[Start of Attachment]

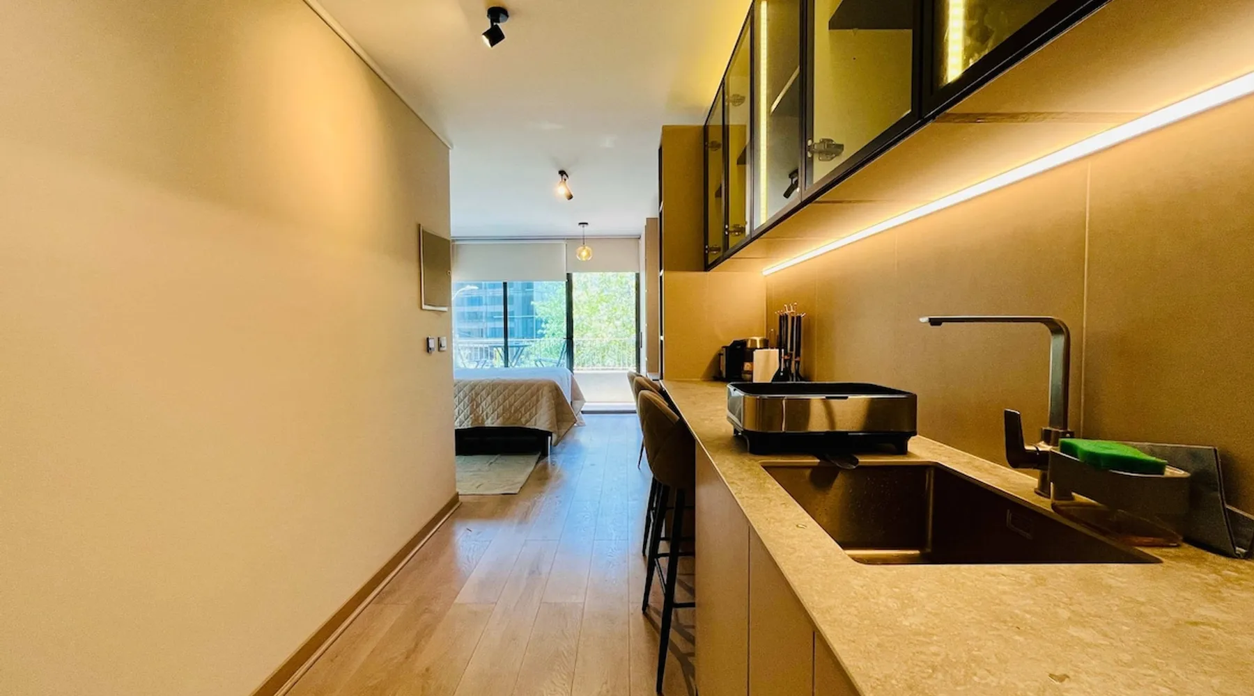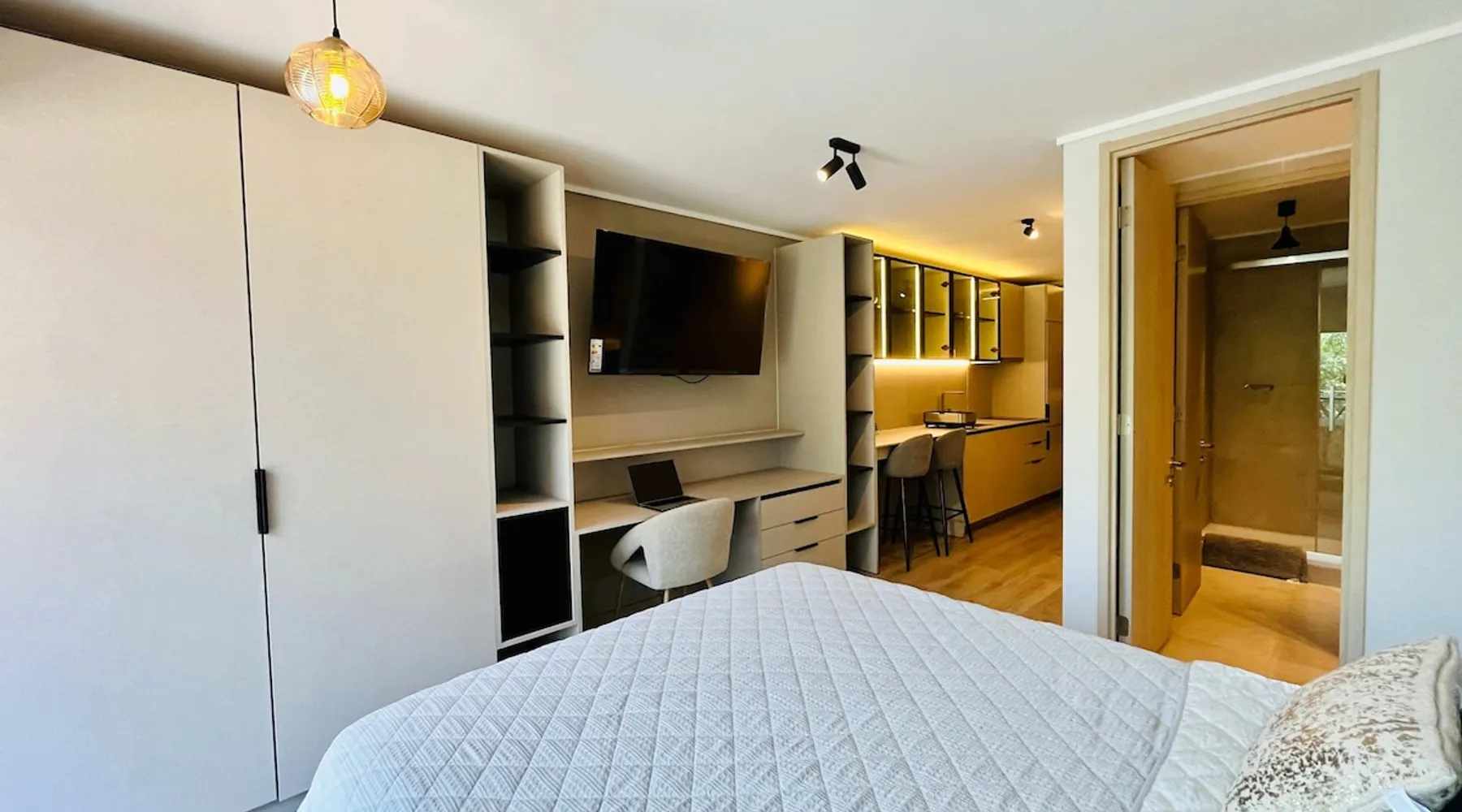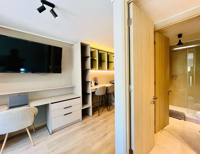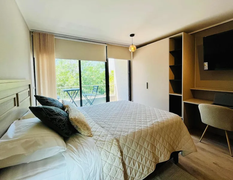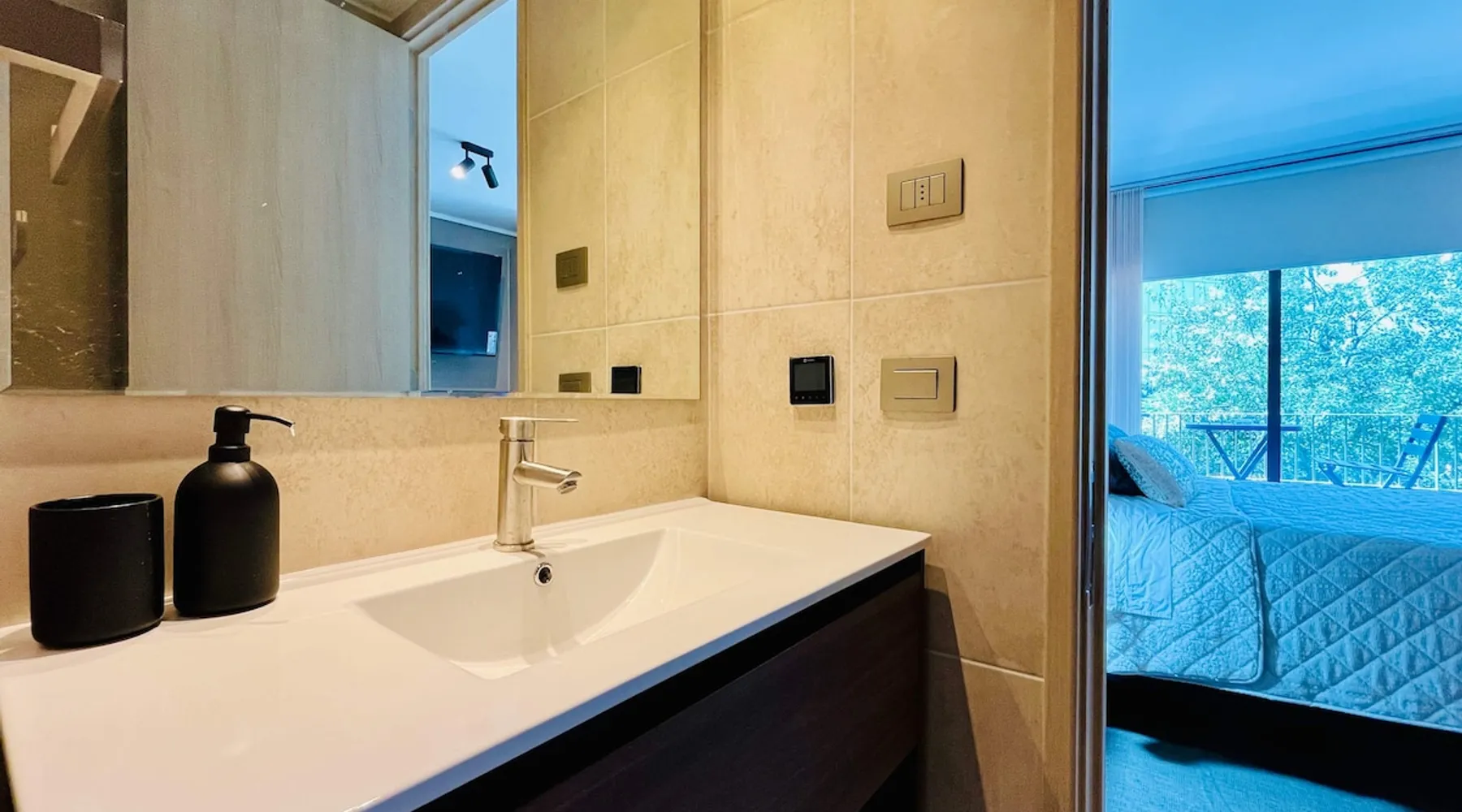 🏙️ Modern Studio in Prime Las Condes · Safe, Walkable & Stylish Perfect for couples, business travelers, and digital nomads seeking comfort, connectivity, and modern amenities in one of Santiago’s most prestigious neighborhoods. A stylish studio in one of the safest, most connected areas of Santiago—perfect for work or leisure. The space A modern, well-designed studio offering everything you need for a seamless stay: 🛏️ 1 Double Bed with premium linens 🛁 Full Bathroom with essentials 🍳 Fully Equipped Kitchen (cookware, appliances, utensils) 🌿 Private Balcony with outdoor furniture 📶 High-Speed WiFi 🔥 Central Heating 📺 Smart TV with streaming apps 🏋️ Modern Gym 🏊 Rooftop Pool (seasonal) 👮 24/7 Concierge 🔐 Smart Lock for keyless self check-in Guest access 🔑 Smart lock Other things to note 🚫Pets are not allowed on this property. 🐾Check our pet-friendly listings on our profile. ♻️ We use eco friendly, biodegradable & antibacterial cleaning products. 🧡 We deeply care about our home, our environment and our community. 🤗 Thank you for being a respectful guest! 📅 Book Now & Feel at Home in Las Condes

[End of Attachment]
[Start of Attachment]

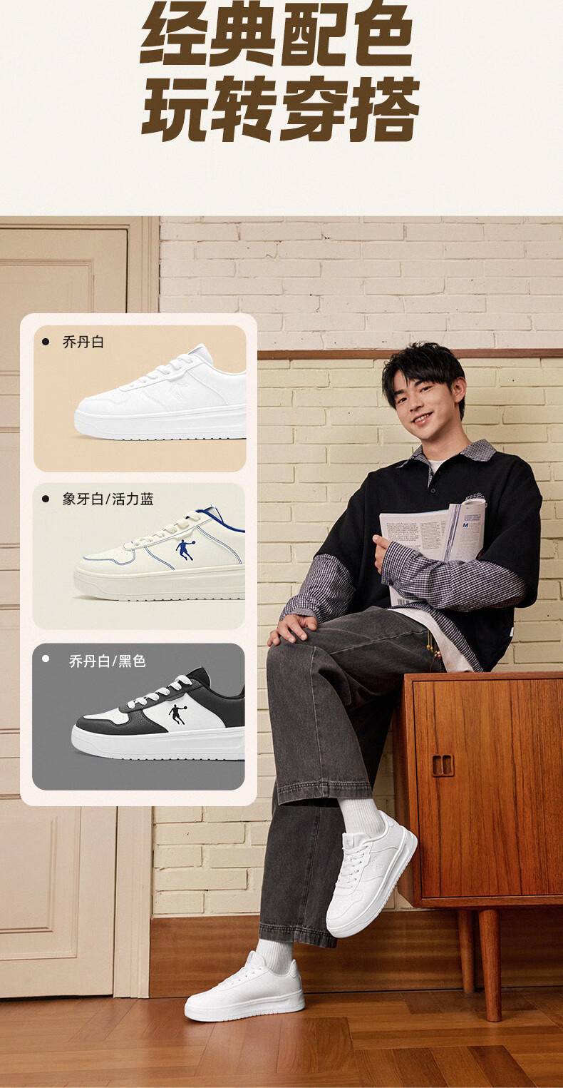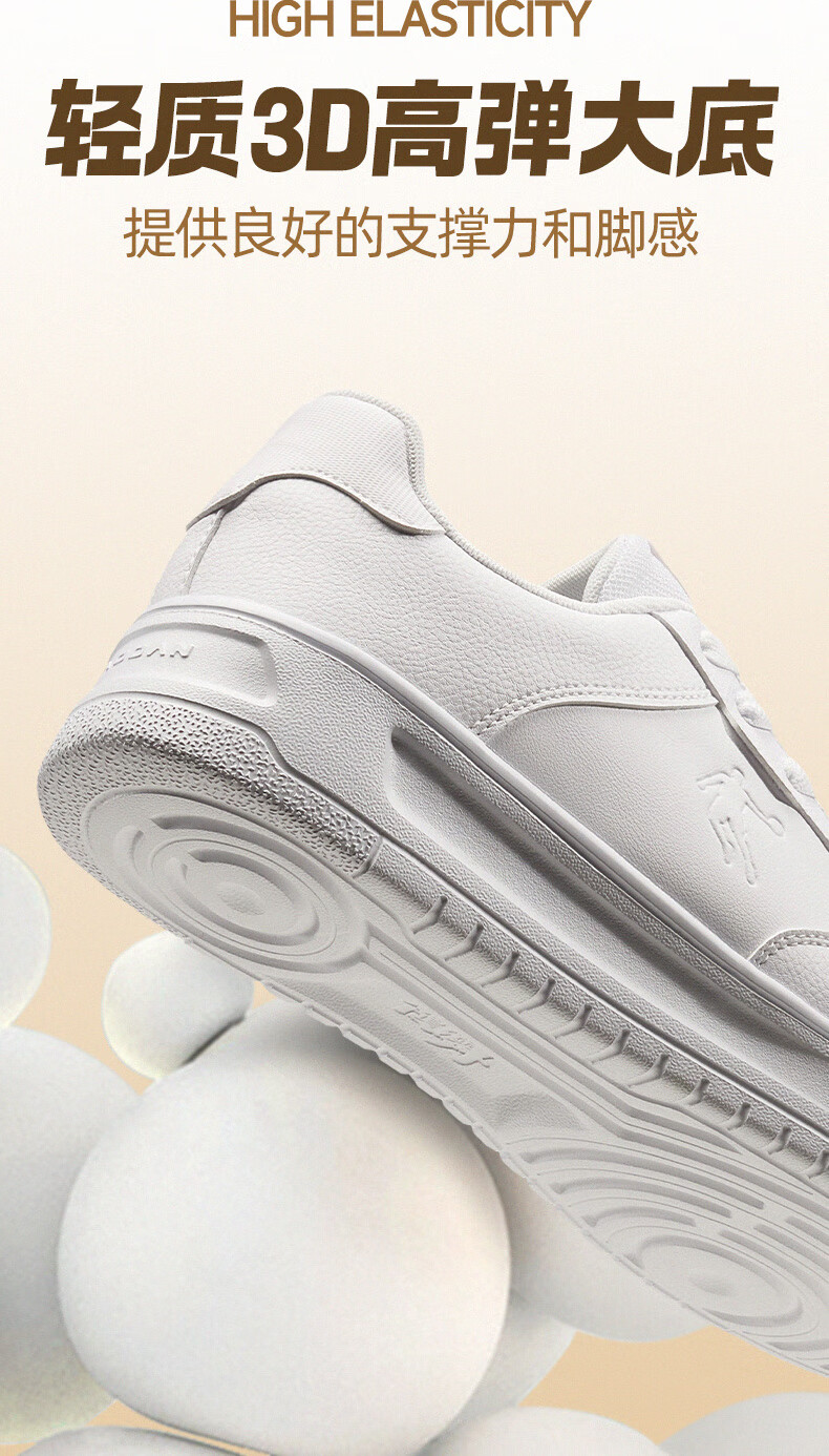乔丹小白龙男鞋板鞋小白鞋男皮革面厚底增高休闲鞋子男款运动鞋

[End of Attachment]
[Start of Attachment]

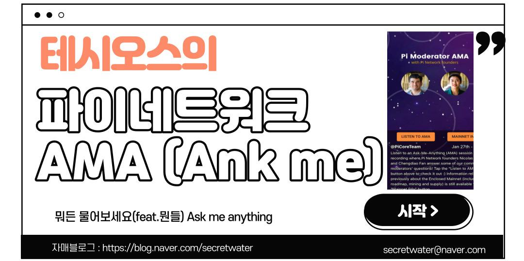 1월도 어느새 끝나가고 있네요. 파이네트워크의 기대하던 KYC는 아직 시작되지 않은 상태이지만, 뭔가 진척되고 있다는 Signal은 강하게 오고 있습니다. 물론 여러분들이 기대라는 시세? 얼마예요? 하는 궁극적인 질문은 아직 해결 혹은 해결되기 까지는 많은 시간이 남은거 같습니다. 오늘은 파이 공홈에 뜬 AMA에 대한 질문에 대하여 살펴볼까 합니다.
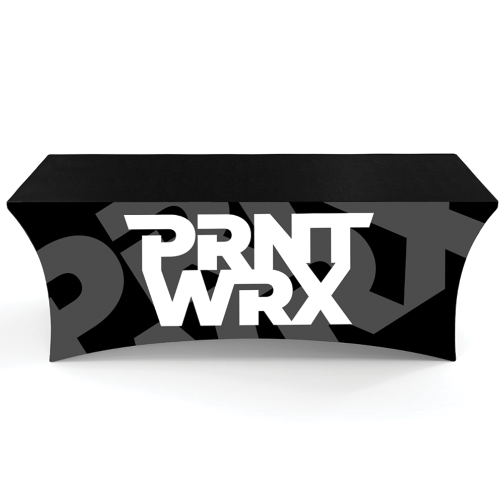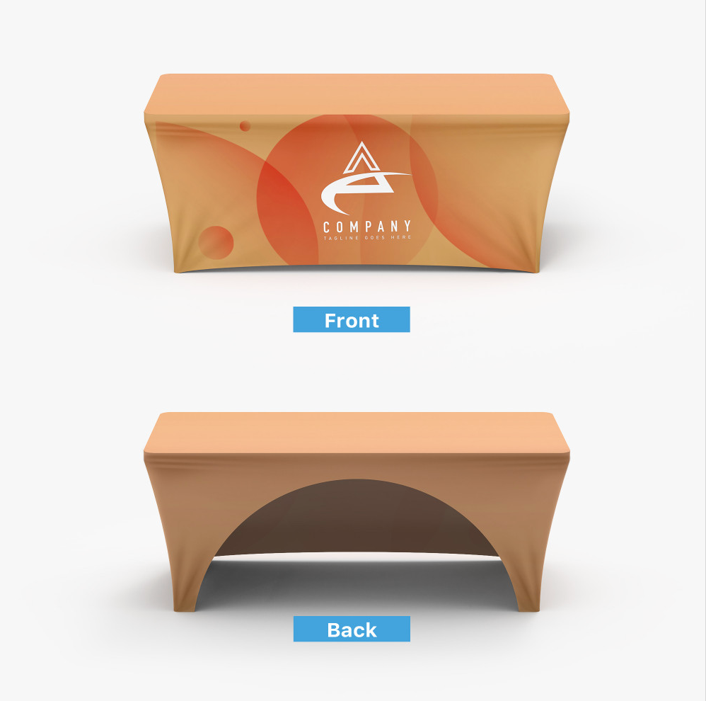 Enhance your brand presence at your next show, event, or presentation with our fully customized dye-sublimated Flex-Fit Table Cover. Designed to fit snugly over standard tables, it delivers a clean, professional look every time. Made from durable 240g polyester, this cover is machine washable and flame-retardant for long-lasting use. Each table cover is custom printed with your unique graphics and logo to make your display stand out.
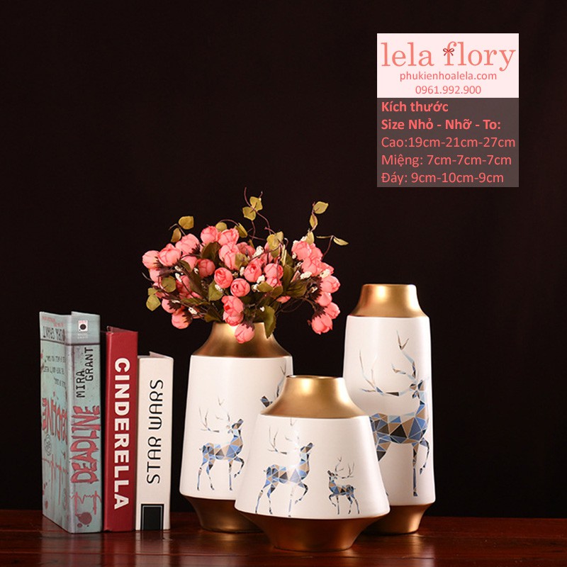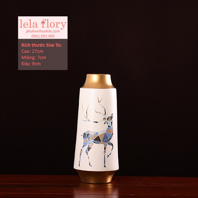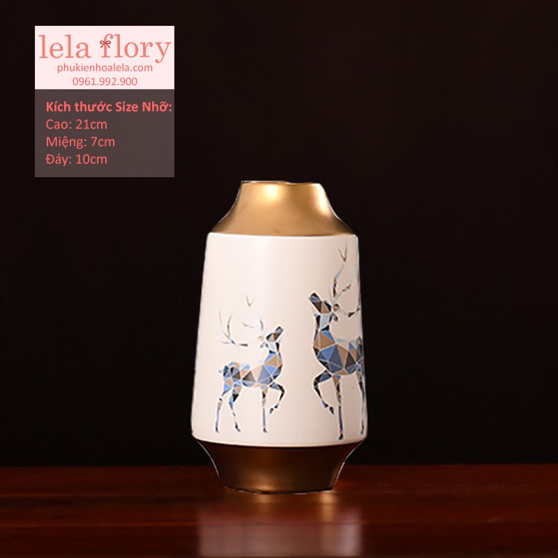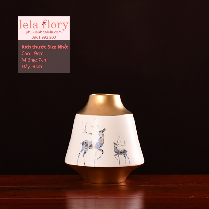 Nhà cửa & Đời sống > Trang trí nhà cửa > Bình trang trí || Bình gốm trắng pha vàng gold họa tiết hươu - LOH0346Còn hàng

[End of Attachment]

--- What to produce ---
Drop the pictures; return the lines above from the line containing "1월도 어느새 끝나가고" to the line containing "Nhà cửa & Đời", both included, exactly.

--- Solved exercise ---
 1월도 어느새 끝나가고 있네요. 파이네트워크의 기대하던 KYC는 아직 시작되지 않은 상태이지만, 뭔가 진척되고 있다는 Signal은 강하게 오고 있습니다. 물론 여러분들이 기대라는 시세? 얼마예요? 하는 궁극적인 질문은 아직 해결 혹은 해결되기 까지는 많은 시간이 남은거 같습니다. 오늘은 파이 공홈에 뜬 AMA에 대한 질문에 대하여 살펴볼까 합니다.
 Enhance your brand presence at your next show, event, or presentation with our fully customized dye-sublimated Flex-Fit Table Cover. Designed to fit snugly over standard tables, it delivers a clean, professional look every time. Made from durable 240g polyester, this cover is machine washable and flame-retardant for long-lasting use. Each table cover is custom printed with your unique graphics and logo to make your display stand out.
 Nhà cửa & Đời sống > Trang trí nhà cửa > Bình trang trí || Bình gốm trắng pha vàng gold họa tiết hươu - LOH0346Còn hàng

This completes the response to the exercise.